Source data
▼▼▼

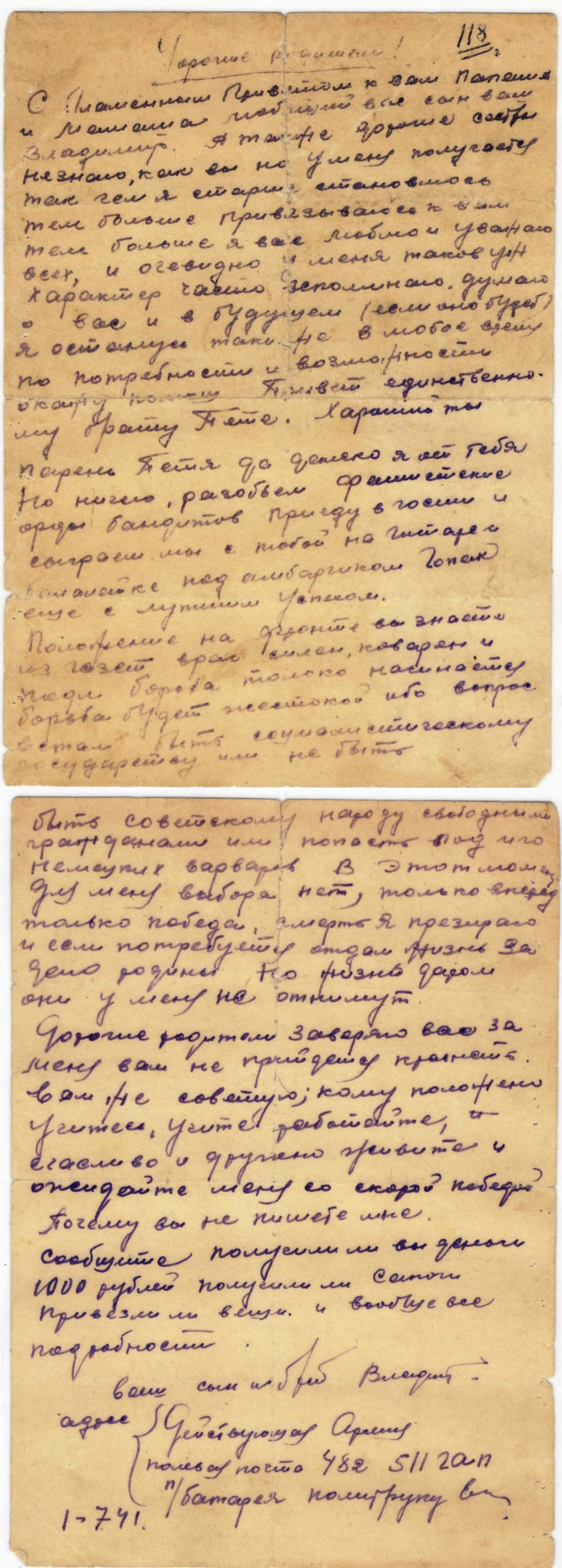Дата написания письма: 01.07.1941
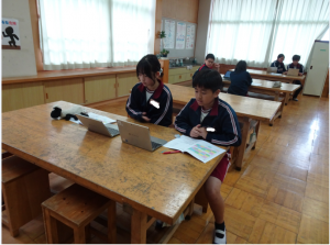 来週の宿泊学習に向けて、6年生が旭地区4校の小学校をオンラインでつないで、事前の打ち合わせ会を実施しました。4つの小学校合同で班を作り、同じ班の友達と相談しながら、班のめあてと役割を決めました。
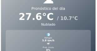 📍 Neuquén Capital📅 Miércoles 11 de Marzo ☁️ Pronóstico del día 31.2°C / 19.9°C Nublado 💨 Ráfagas 20.5 km/h ☔ Prob. Lluvia 5% ☀️ Índice UV 6.65 Este Miércoles 11 de Marzo, Neuquén Capital experimentará una jornada con temperaturas agradables, según informan los registros meteorológicos oficiales. La máxima pronosticada alcanzará …
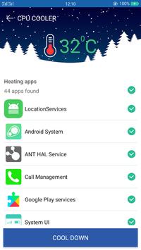 Just click “Cool Down” Botton to detect & close overheating apps to reduce CPU usage and Cool down your device.
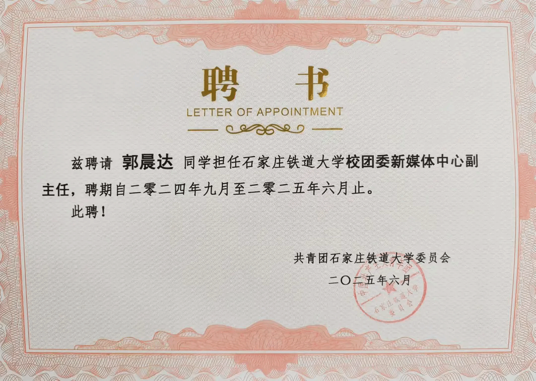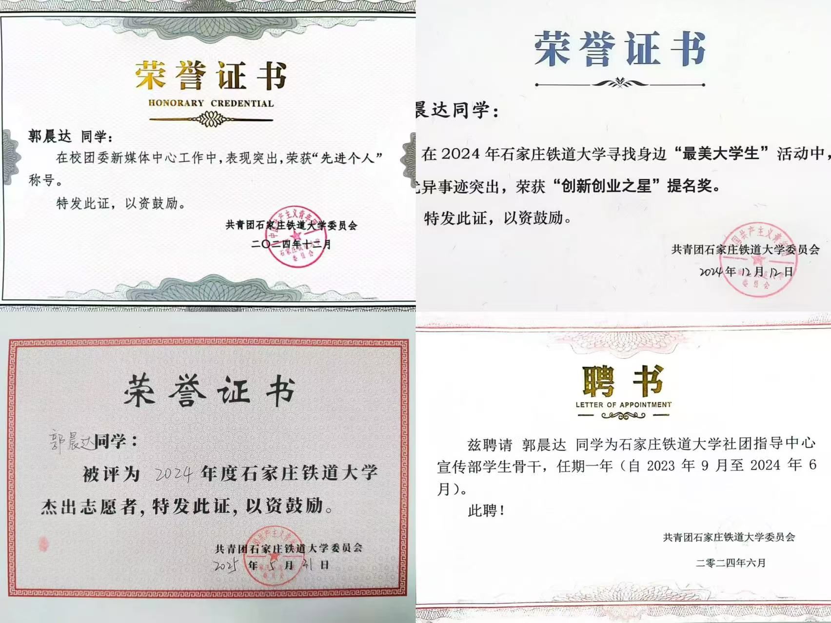 在第六届河北省大学生节能减排社会实践与科技竞赛中,团队凭借扎实的方案与清晰的答辩获得省级二等奖;在2024全国大学生物理实验竞赛中,我们将尖端放电原理转化为科普微视频,从脚本撰写、拍摄剪辑到后期配音,全程自主完成,最终斩获全校第一名,国家优秀奖。此外,我还担任校团委新媒体中心副主任、社团指导中心宣传部部长,负责学校大型活动宣传物料制作与现场管理,累计服务时长超500小时,获评“杰出志愿者”、“先进个人”等荣誉,在服务他人与组织协调中,我的沟通能力与责任担当也得到了极大提升。
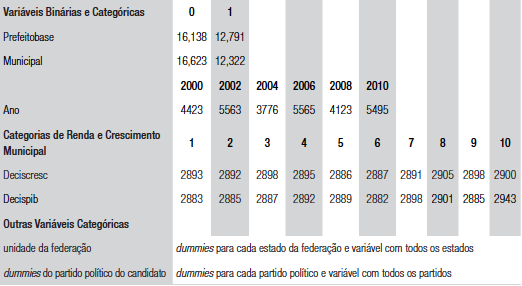 A amostra analisada neste artigo cobre 5.565 municípios brasileiros entre as eleições de 2000 e 2010.4 Conforme descrito a seguir, o banco de dados inclui cinco tipos de variáveis: políticas, econômicas, fiscais, demográficas e geográficas, sendo as três últimas usadas como controle nas estimações. A equação básica a ser estimada é a seguinte:
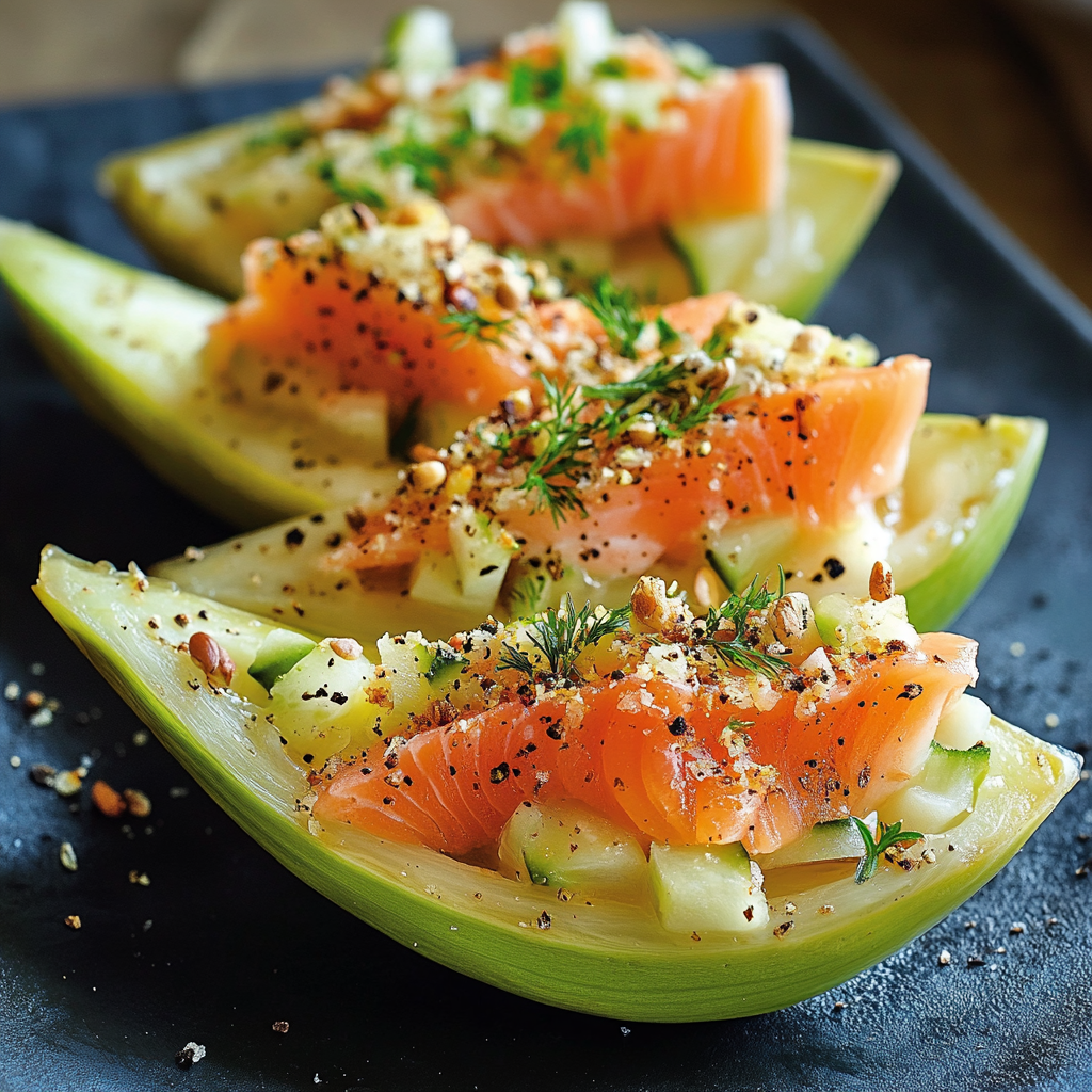 Le saumon fumé apporte une touche de sophistication à cette entrée. Riche en acides gras oméga-3, il est bon pour la santé cardiaque tout en étant une source de protéines maigres. Sa saveur salée et fumée contraste magnifiquement avec l’onctuosité de l’avocat.
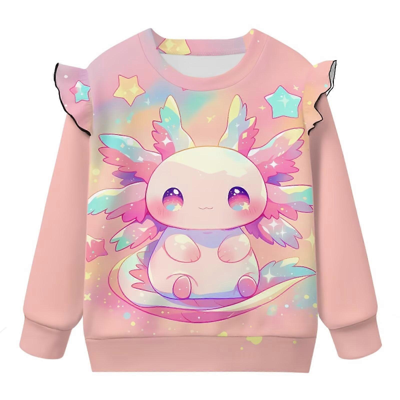 Cute Pink Salamander Sweatshirt for Toddler Girls 7-8Y, Long Sleeve Crewneck Pullover with Ruffle Shoulder – Fall Fashion, Compatible with Kids
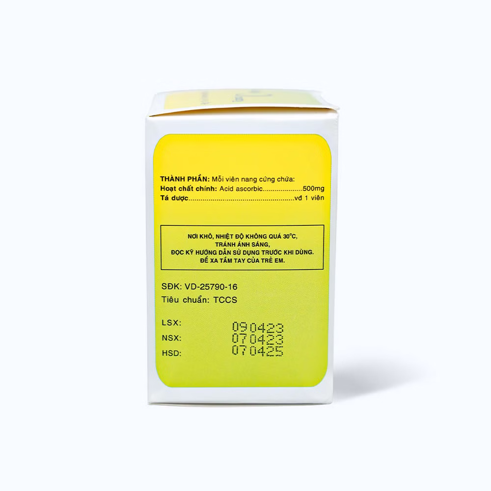 - Vitamin C (Acid Ascorbic): 500mg mỗi viên nang. Đây là thành phần hoạt chất chính, giúp cung cấp vitamin C cần thiết cho cơ thể, hỗ trợ tăng cường hệ miễn dịch, chống oxy hóa và duy trì sức khỏe tổng thể.
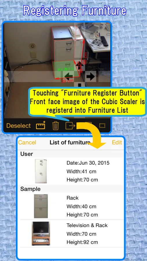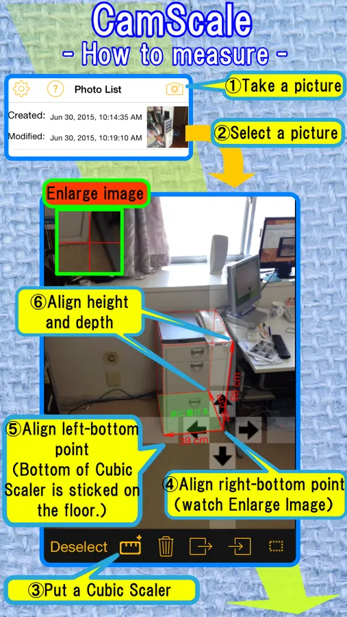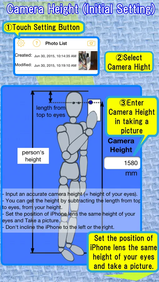 The "CamScale" uses an accurate camera height for calculating an accurate dimension of furniture. So please input an accurate camera height in this settings and keep this height when you take a photo in the "CamScale".

▲▲▲

ASSIGNMENT = The lines from the one holding "Le saumon fumé" to the final line of the entries are to be duplicated exactly, and the pictures are to be left out.

ANSWER BOX =
 Le saumon fumé apporte une touche de sophistication à cette entrée. Riche en acides gras oméga-3, il est bon pour la santé cardiaque tout en étant une source de protéines maigres. Sa saveur salée et fumée contraste magnifiquement avec l’onctuosité de l’avocat.
 Cute Pink Salamander Sweatshirt for Toddler Girls 7-8Y, Long Sleeve Crewneck Pullover with Ruffle Shoulder – Fall Fashion, Compatible with Kids
 - Vitamin C (Acid Ascorbic): 500mg mỗi viên nang. Đây là thành phần hoạt chất chính, giúp cung cấp vitamin C cần thiết cho cơ thể, hỗ trợ tăng cường hệ miễn dịch, chống oxy hóa và duy trì sức khỏe tổng thể.
 The "CamScale" uses an accurate camera height for calculating an accurate dimension of furniture. So please input an accurate camera height in this settings and keep this height when you take a photo in the "CamScale".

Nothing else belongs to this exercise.